The term “destablecoins” helps to achieve two purposes.

Firstly, and more purposefully, the prefix “de” in “destablecoins” stands for decentralized, and that is to clearly distinguish products such as HAY from other legacy stablecoin products such as BUSD and USDC, which is controlled by a centralized custodian. This also helps mark the progression of stablecoins from being centralized to decentralized, and the DeFi industry as a whole

Secondly, the term “stablecoin” or even “algorithmic stablecoin” is generally a misnomer, as all stablecoins, including fiat-backed ones, have potential to de-peg become volatile, albeit to a much lower extent. The stablecoin industry is under constant scrutiny due to many retail investors over-investing under the allure of constant stability and becoming vulnerable to significant financial loss during such an event. Using the term “destablecoins” signals the underlying risk of stablecoins and encourages users to invest more responsibly, building a far healthier and more sustainable ecosystem of users.

Furthermore, products such as HAY do not use an “algorithm” to regulate its value, but rather through the use of over-collateralized assets. Therefore, “algorithmic stablecoins” is also not an appropriate representation of HAY.
The “de” in “destablecoins” stands for decentralized, and that is to clearly distinguish products such as HAY from others like BUSD or USDT, which is controlled by centralized custodians. This also helps mark the progression of stablecoins from being centralized to decentralized, and the DeFi industry as a whole. The team does recognise that it may cause some slight confusion in the wording, but we are committed to educating our community and continue to shed more light on what it means to be a destablecoin and how it can push the ethos of decentralization in crypto.
It is important to remember that destablecoins are not more prone to de-pegging or de-stabilizing than stablecoins. All stablecoins are at risk of de-pegging, and thus the word “stablecoins” have always been a misnomer. In addition, having a “peg” with fiat currencies does not guarantee stability due to inflation. Furthermore, traditional fiat-currencies also have varying reference rates and interest rate parity. Yet, most would still consider the US Dollar a stable benchmark for global currency.
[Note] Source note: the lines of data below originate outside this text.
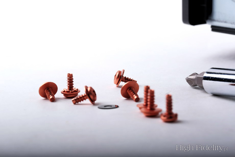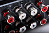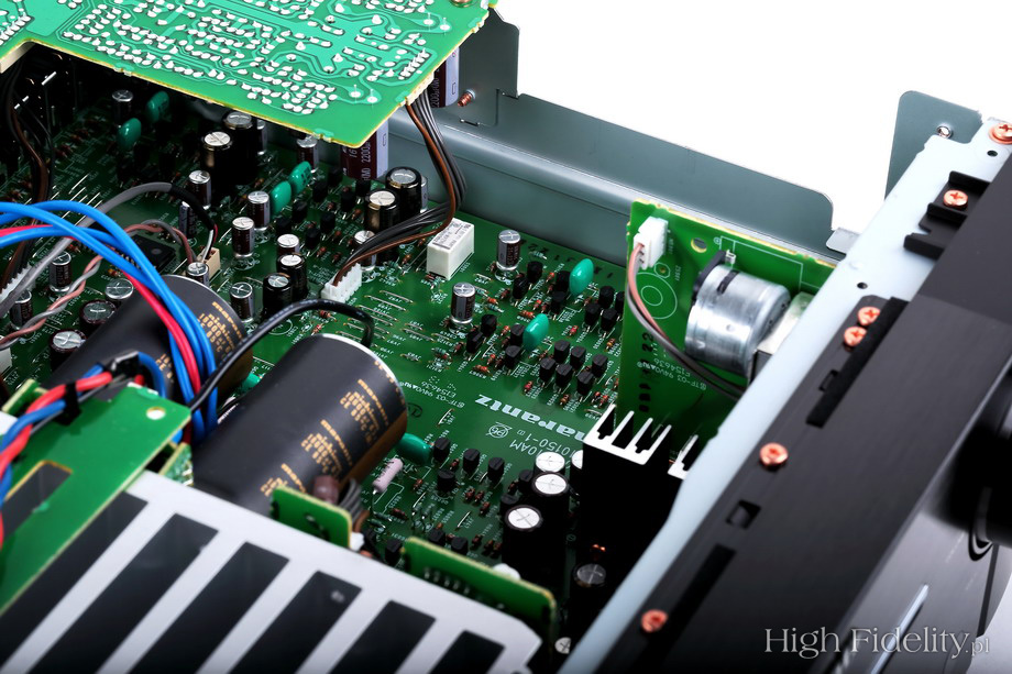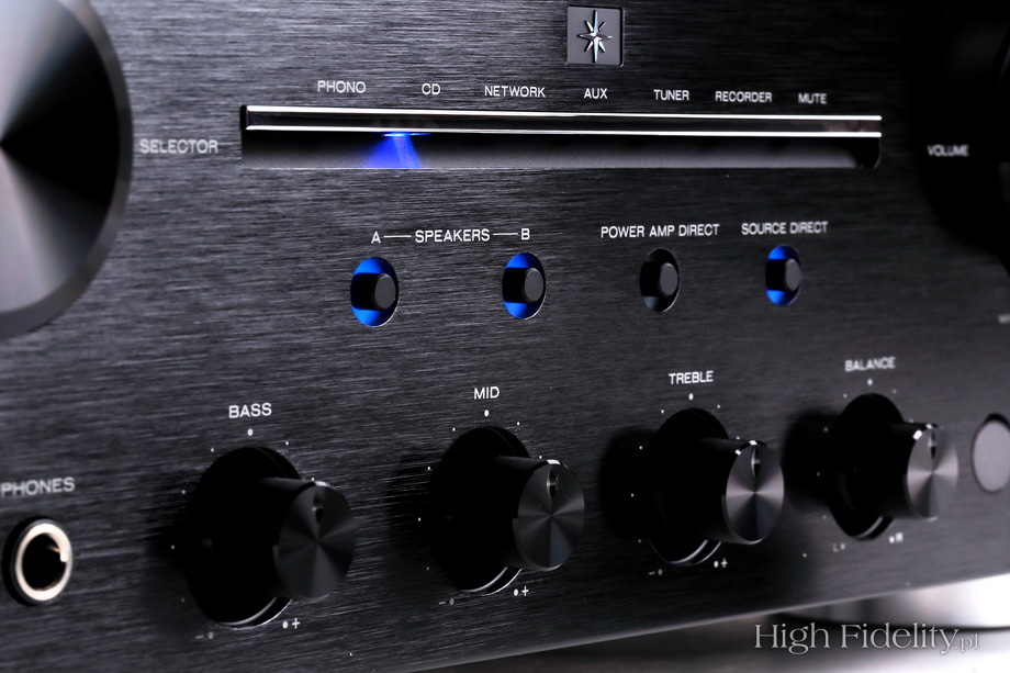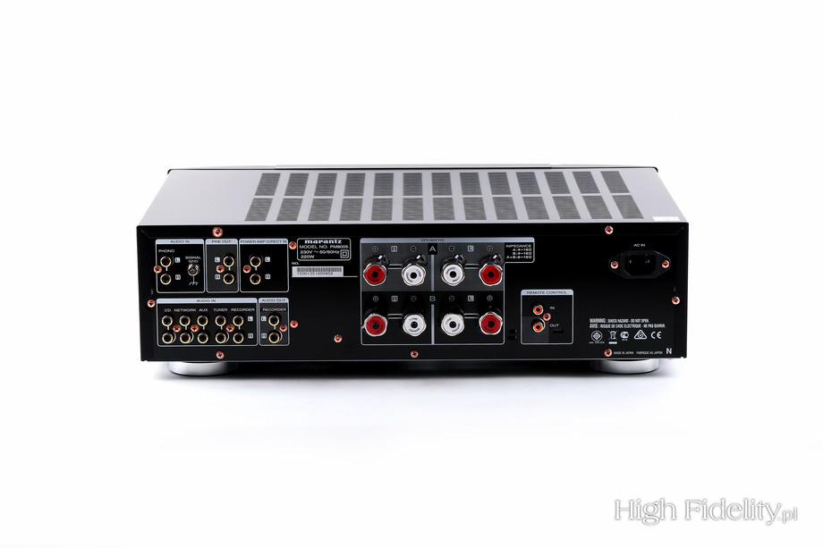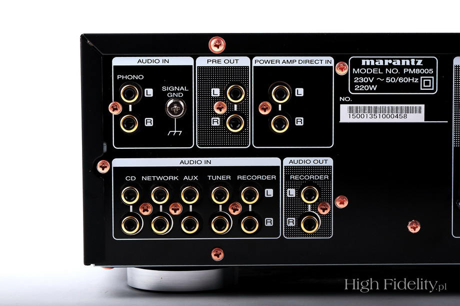 Nad gałkami mamy przyciski – wybierające aktywne wyjścia (A, B), wejście na końcówkę mocy (np. w systemie kina domowego) i wspomniany „Source Direct”. Guziki są podświetlane niebieską obwódką. Jeszcze wyżej, w zagłębieniu, pod chromowanym paskiem, są niebieskie diody pokazujące wybrane wejście. Poza tymi elementami mamy tu jeszcze gniazdo słuchawkowe oraz wyłącznik sieciowy. O solidnych gniazdach głośnikowych już wspomniałem. Marantz od lat korzystał z poddostawców, ale chyba od roku montuje w nowych modelach zaciski wykonywane specjalnie dla niego. Są duże, wygodne i noszą numer SPKT-1. Obwódka tutaj (zewnętrzna tuleja) jest pokryta metalem o srebrnym kolorze, a np. w modelu SA-14S1 miedziowana. Zacisków jest osiem – dwie pary dla każdego kanału. Gniazda RCA podzielono na dwie sekcje – na górze jest wejście gramofonowe (MM, 2 mV/47 kΩ), wyjście z przedwzmacniacza i wejście na końcówkę. Na dole ulokowano pozostałe gniazda: pięć wejść stereofonicznych i jedno wyjście do nagrywania. Dostajemy też gniazda systemu sterowania Marantza oraz gniazdo sieciowe IEC (bez bolca ochronnego).
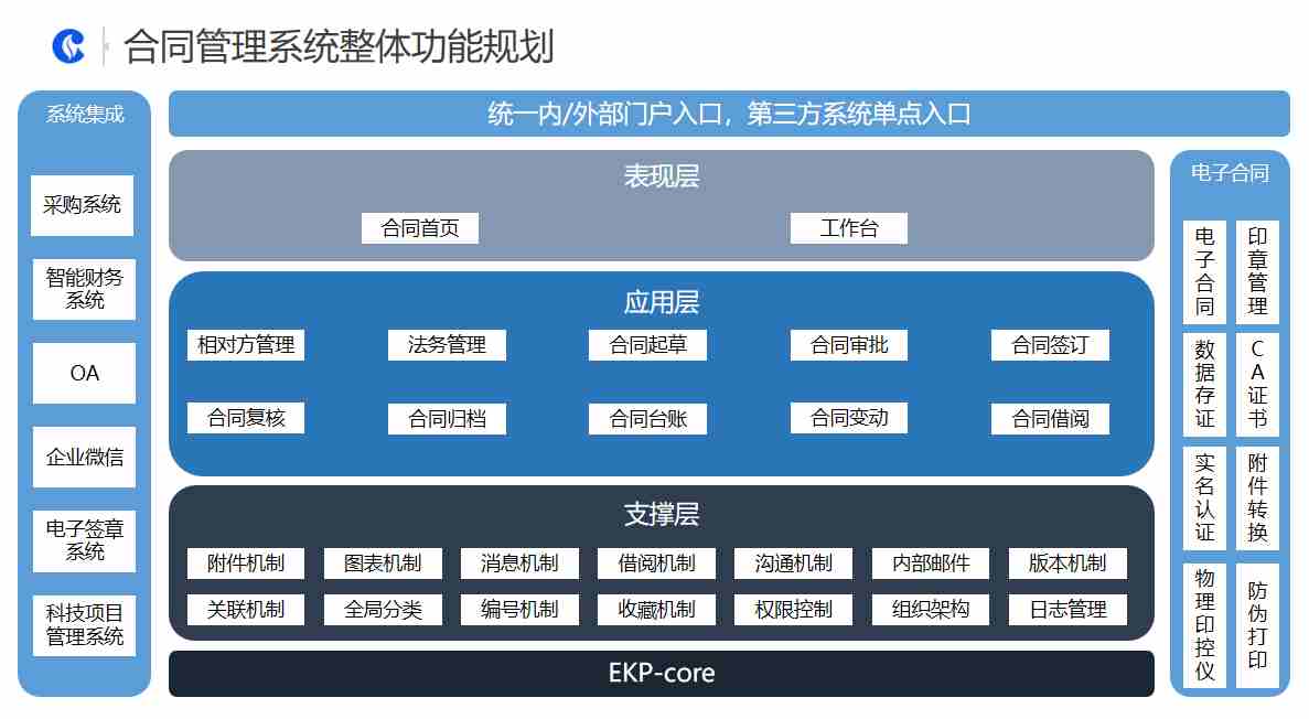■ 合同管理系統(tǒng)通過對OA系統(tǒng)和企業(yè)微信的集成,實現(xiàn)了內(nèi)部單點和移動端單點;
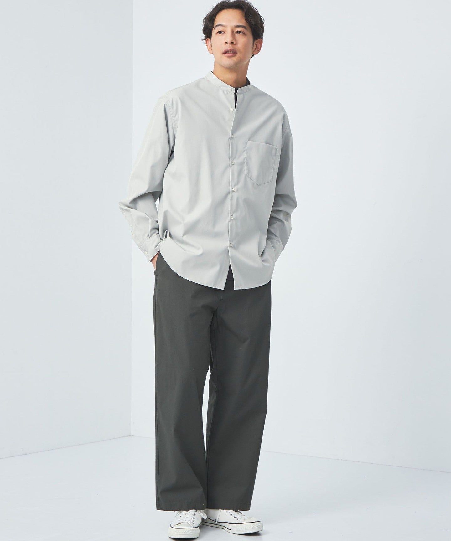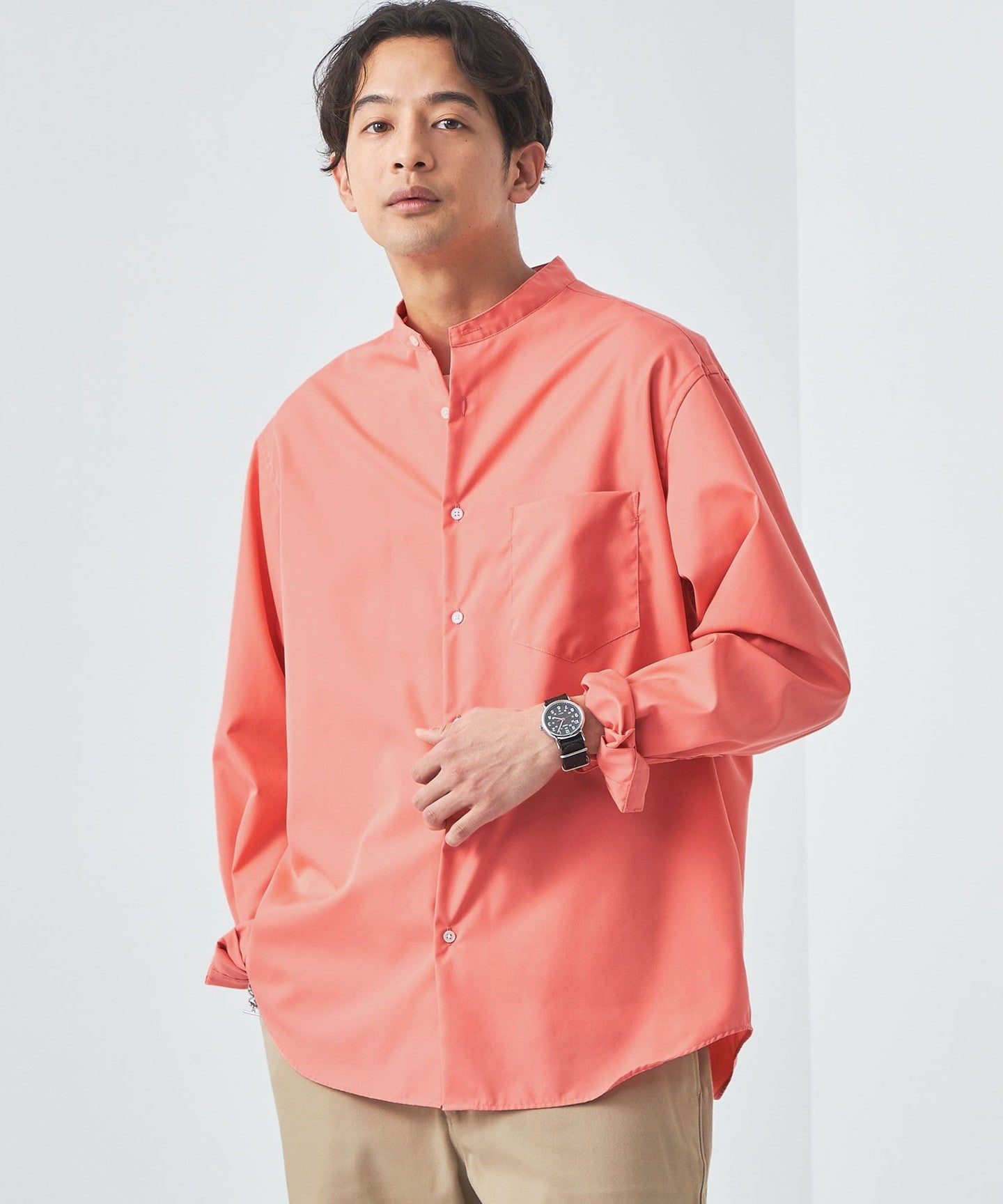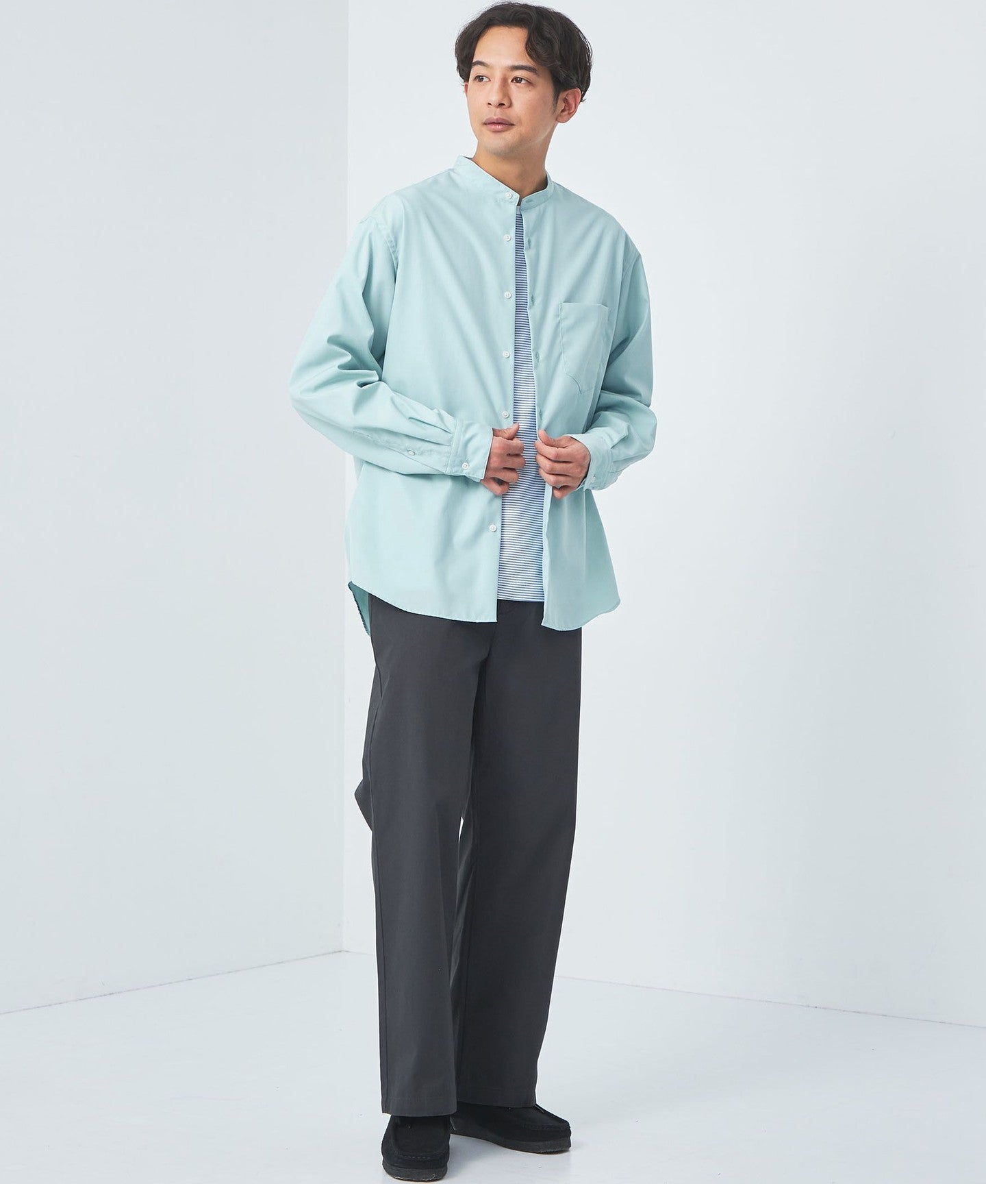 Broad Just Loose Band Collar SHIRT -Wrinkle-

The misnaming of this asset is critical as it obscures any inherent risk to holding such an asset. Every type of asset class has its potential strengths and weaknesses, and that should be clearly reflected to investors.

The purpose of destablecoins, similar to stablecoins, is to offer a decentralized form of digital currency that is suitable for everyday trading and transactions due to lowered volatility, mirroring the way fiat currencies such as USD is used. Destablecoins enjoy the privileges of what stablecoins have to offer in terms of its ability to be borderless and permissionless due to its digital nature, and the element of decentralization further creates a more seamless, and secure user experience. Therefore, the value proposition of destablecoins, and stablecoins are still very much valid.

Using the term destablecoins offer greater clarity and understanding of this asset class to not just users, but also builders; and can help achieve greater focus when building such ecosystems.